Except it doesn’t do that at all. Instead of making a great character study, or even just a great story, Alejandro González Iñárritu twists Birdman into a witless, unilateral assault against big-screen filmmaking, the press, and social media. In his head, Riggan hears the voice of the Birdman character that made him famous – and destructively typecast – over two decades ago; the character eventually becomes visually manifest, as do the massive explosions described by Birdman to be exactly what the public want. At this moment, the movie loses its grip on the cleverness of its first half, and descends into a bluntly sarcastic tirade against just about anything popular.

This was the problem I had with last year’s Snowpiercer, another movie that was excellent until its main antagonist orated the film’s overarching themes which, until then, were put forward with an almost-subtle brand of invective. Birdman is a lot worse for it, though. My gripe here is not that González’ message is delivered in the most ham-fisted way imaginable (although it certainly is), but rather that it does so with a tone of outright condescension. Birdman is an incredible technical achievement by those behind and in front of the camera – and it’s undoubtedly worth seeing just for that – but when your film boasts filmmaking and star performances that are knowingly virtuosic while bitterly attacking the lowbrow aspects of modern culture, you yourself take the arrogant stance of “This… this is how you make a movie. This is what art looks like. I am better than you.”

Nevertheless, I’m unable to call Birdman a bad movie, so I’ll call it a very good movie that suffers from too many misfires.
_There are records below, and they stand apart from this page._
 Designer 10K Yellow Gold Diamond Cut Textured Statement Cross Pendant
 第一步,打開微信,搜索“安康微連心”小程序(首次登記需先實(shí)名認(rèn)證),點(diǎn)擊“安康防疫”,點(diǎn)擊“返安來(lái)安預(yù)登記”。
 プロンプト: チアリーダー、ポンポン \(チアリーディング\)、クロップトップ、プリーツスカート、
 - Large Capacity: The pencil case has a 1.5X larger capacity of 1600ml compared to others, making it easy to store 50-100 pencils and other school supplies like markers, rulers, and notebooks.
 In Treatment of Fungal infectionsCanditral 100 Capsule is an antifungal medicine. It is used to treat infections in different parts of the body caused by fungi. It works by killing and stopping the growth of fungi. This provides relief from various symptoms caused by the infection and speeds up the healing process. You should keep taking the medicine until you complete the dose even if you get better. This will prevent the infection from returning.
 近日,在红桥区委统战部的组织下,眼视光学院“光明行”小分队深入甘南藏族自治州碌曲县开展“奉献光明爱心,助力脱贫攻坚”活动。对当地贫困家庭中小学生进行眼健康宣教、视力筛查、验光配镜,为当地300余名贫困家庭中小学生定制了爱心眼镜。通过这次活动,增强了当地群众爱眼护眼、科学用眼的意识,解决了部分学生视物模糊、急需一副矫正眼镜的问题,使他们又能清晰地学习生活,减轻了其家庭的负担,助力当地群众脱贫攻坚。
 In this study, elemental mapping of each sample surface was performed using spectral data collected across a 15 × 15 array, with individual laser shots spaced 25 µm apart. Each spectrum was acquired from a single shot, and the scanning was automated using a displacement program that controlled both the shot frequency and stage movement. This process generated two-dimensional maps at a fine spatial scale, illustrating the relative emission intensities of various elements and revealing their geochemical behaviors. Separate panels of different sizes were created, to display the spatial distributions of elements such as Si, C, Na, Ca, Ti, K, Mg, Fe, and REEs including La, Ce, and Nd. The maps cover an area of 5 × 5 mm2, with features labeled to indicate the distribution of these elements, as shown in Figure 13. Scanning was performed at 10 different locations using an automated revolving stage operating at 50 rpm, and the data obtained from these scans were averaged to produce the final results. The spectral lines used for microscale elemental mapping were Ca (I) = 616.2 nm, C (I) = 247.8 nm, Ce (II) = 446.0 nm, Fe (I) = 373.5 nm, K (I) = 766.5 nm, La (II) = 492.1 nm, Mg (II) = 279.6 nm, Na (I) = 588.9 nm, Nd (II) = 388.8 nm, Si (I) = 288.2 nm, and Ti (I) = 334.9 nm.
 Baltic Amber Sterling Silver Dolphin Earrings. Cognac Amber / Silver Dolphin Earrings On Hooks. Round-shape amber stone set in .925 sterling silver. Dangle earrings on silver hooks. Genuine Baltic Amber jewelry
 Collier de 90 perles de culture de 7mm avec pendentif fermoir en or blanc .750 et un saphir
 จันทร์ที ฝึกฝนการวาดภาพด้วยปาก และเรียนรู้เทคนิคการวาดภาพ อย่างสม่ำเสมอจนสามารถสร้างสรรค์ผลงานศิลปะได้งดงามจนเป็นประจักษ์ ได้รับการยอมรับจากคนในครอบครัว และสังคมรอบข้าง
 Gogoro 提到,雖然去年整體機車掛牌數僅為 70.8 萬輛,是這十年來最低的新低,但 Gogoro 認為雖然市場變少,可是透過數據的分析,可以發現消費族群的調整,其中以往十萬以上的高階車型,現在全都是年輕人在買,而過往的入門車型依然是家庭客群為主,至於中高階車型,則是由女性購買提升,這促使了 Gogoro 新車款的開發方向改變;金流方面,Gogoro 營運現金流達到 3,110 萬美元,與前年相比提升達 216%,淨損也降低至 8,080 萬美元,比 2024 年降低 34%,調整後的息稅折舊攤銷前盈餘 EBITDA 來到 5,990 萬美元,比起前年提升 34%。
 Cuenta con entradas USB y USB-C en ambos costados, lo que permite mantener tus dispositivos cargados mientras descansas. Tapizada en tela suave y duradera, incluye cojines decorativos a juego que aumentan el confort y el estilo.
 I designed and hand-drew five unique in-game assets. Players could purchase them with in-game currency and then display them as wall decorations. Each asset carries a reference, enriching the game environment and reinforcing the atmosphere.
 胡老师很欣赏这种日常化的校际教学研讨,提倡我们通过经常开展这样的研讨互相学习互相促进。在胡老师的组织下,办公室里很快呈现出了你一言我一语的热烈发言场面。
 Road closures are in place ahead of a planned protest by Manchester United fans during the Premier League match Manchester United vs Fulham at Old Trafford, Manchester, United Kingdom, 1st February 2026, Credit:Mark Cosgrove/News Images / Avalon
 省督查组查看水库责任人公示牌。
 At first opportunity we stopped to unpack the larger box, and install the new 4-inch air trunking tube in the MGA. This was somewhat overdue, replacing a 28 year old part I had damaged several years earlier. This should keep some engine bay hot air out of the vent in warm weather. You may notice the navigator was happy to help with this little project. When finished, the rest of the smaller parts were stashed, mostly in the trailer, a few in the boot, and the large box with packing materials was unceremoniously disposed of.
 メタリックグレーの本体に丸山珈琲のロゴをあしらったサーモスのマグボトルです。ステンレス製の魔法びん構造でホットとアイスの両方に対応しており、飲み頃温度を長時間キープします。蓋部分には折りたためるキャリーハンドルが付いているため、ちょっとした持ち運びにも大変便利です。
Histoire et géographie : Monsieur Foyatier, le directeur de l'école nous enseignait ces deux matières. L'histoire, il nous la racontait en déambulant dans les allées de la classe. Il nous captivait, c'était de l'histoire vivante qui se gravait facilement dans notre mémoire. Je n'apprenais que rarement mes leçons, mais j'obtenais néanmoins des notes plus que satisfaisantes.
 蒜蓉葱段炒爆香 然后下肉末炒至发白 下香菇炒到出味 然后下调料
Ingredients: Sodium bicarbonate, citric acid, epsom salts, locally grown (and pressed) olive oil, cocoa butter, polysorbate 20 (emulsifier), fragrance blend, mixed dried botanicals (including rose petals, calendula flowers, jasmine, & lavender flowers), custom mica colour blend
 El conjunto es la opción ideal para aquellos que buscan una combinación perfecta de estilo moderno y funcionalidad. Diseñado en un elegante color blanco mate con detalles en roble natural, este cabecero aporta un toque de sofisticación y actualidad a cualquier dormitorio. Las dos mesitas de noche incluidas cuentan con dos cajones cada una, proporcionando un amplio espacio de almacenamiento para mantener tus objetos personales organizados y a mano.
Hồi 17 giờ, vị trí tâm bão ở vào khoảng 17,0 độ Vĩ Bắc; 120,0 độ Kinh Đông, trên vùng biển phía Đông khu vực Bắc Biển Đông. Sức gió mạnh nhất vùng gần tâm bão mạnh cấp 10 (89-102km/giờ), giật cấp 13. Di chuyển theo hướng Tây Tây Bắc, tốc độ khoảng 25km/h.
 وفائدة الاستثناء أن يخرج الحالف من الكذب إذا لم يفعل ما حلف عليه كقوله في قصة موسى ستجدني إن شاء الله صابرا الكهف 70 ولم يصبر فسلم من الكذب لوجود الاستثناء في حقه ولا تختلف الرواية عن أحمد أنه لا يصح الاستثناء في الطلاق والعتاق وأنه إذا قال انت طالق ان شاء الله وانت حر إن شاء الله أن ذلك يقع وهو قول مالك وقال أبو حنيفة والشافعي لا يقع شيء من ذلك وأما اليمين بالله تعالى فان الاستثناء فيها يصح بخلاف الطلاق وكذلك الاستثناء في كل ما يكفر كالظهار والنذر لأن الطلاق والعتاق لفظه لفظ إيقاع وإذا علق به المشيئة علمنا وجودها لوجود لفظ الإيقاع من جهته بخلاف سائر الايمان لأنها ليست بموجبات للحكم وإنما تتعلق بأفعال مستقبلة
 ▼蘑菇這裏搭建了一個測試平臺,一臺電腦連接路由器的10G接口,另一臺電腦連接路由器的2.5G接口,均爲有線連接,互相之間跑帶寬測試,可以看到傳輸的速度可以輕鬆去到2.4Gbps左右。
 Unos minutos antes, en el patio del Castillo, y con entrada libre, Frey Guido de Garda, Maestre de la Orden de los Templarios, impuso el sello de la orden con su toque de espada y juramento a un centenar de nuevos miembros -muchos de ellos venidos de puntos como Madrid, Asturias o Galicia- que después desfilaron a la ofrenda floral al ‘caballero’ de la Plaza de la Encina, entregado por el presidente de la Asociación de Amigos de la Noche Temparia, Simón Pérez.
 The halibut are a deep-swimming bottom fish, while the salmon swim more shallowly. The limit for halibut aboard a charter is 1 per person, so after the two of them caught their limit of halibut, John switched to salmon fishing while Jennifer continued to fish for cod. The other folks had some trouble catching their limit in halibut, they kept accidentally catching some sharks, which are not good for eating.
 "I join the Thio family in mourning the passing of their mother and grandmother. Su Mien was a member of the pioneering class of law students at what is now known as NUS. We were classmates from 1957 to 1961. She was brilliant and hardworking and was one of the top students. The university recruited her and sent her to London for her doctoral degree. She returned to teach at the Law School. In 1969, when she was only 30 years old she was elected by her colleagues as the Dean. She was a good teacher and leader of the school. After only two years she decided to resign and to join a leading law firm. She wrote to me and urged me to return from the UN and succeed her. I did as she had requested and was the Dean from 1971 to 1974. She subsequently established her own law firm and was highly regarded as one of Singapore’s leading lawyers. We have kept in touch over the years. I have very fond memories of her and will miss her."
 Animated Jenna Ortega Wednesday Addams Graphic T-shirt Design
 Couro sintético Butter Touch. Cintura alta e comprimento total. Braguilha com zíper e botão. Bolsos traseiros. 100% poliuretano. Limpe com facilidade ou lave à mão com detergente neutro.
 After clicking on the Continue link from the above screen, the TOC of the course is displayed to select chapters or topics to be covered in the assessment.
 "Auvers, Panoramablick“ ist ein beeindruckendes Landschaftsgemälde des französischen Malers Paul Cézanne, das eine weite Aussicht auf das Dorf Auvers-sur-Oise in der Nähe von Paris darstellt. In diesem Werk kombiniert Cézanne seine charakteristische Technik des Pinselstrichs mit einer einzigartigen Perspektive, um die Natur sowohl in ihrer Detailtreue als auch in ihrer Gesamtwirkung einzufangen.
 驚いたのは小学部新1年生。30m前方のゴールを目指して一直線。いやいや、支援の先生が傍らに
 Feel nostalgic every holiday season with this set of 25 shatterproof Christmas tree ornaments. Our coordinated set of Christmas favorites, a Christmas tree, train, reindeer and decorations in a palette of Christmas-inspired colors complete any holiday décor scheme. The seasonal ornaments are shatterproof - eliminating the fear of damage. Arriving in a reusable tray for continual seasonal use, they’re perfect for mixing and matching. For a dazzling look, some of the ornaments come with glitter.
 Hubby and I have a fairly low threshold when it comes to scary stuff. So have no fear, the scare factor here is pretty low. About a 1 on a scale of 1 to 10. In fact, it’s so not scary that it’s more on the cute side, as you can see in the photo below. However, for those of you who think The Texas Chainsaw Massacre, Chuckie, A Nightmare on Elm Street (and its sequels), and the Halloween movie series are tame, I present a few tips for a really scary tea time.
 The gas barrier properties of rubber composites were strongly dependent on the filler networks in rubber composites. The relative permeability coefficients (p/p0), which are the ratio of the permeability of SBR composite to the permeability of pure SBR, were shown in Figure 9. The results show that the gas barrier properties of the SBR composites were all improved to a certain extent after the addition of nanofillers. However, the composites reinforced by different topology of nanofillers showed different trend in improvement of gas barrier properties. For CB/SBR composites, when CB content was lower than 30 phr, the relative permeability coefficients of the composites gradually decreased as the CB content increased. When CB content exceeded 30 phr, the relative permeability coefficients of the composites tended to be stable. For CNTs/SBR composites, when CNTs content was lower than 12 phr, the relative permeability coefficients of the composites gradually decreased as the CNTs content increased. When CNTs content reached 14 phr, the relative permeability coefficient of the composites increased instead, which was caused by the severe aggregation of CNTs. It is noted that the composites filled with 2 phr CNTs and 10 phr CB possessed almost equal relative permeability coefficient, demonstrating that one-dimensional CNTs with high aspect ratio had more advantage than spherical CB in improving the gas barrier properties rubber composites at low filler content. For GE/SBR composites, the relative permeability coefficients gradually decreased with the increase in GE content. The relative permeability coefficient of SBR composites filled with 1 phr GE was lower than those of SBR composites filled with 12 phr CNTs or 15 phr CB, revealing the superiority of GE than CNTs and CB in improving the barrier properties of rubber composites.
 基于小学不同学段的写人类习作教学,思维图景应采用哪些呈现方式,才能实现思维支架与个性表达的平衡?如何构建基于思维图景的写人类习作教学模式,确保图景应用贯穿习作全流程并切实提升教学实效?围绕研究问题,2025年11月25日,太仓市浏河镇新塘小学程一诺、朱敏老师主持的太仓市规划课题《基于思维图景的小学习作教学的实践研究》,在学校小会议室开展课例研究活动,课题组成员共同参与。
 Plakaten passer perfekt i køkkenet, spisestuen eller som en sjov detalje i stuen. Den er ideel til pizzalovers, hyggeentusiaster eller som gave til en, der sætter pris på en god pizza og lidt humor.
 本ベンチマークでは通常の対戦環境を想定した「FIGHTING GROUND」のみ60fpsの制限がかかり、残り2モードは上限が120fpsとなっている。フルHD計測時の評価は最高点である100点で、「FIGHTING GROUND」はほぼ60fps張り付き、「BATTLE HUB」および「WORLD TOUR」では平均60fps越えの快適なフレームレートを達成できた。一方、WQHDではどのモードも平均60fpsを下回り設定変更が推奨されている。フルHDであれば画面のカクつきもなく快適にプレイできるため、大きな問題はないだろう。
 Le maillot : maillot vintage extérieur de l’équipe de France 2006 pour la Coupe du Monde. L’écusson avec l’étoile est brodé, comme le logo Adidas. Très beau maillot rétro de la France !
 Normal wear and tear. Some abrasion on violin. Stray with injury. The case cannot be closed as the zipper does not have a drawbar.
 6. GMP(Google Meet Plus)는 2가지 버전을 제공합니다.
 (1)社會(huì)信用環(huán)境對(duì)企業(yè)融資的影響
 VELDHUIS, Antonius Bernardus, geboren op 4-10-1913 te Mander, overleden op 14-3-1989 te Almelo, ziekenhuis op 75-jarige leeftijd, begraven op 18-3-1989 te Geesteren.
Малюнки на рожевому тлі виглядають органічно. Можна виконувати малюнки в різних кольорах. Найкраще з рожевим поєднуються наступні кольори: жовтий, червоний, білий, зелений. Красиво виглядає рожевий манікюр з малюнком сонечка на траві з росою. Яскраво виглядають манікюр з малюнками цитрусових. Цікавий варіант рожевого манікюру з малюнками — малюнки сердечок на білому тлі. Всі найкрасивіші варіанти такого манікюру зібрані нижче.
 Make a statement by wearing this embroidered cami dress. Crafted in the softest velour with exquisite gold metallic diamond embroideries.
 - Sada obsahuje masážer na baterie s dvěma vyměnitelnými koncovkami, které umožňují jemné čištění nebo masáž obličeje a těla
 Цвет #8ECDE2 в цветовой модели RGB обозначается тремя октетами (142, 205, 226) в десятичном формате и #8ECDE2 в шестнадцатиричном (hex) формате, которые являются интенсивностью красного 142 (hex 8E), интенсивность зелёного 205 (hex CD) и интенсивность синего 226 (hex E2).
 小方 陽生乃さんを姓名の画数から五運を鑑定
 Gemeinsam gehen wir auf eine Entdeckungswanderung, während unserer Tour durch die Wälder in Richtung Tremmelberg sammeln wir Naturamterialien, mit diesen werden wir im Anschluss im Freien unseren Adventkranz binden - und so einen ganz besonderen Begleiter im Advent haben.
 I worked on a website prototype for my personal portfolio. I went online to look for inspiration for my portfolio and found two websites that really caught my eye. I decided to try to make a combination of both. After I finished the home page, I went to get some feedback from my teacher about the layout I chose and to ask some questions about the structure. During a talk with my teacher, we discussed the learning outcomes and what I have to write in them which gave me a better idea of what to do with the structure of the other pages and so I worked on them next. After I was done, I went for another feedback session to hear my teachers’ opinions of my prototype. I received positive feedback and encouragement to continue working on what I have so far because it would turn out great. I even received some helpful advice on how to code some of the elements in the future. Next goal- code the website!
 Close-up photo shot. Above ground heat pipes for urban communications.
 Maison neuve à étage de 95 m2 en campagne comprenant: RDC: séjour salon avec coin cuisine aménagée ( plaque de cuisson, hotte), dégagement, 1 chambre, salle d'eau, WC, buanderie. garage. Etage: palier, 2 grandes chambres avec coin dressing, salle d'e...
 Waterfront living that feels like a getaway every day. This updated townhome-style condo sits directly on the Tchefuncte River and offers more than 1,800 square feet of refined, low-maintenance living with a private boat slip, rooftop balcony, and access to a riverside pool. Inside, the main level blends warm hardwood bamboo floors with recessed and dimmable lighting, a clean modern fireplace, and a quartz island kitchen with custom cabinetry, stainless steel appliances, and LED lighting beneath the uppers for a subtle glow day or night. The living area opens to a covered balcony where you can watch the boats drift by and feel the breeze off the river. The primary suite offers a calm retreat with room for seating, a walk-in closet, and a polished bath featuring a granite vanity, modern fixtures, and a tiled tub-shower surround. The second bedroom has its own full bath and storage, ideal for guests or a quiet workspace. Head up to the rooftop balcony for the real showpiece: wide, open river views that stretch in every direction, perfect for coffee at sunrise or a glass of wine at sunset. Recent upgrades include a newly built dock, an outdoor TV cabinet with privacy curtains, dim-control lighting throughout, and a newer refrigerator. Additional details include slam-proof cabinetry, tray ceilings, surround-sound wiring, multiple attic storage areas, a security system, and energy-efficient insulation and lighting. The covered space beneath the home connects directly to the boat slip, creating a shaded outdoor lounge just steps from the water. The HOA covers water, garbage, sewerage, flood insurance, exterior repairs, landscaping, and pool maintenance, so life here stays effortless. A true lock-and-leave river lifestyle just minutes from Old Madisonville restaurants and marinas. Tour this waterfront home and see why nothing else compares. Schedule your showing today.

It is riotously funny in places, and it’s ragingly crazy for such a high-profile movie. And despite the heavy-handedness with which it addresses its main themes, several of its earlier dark moments succeed because of their sledgehammer delivery. Let’s also not forget the cast, who fare incredibly well as the takes stretch out into nigh-on oblivion. However much the movie’s mindless ranting irritated me (which was an awful lot), it’s an undeniably unique experience, so seek it out at some point if you can stand being slapped upside the head for two hours.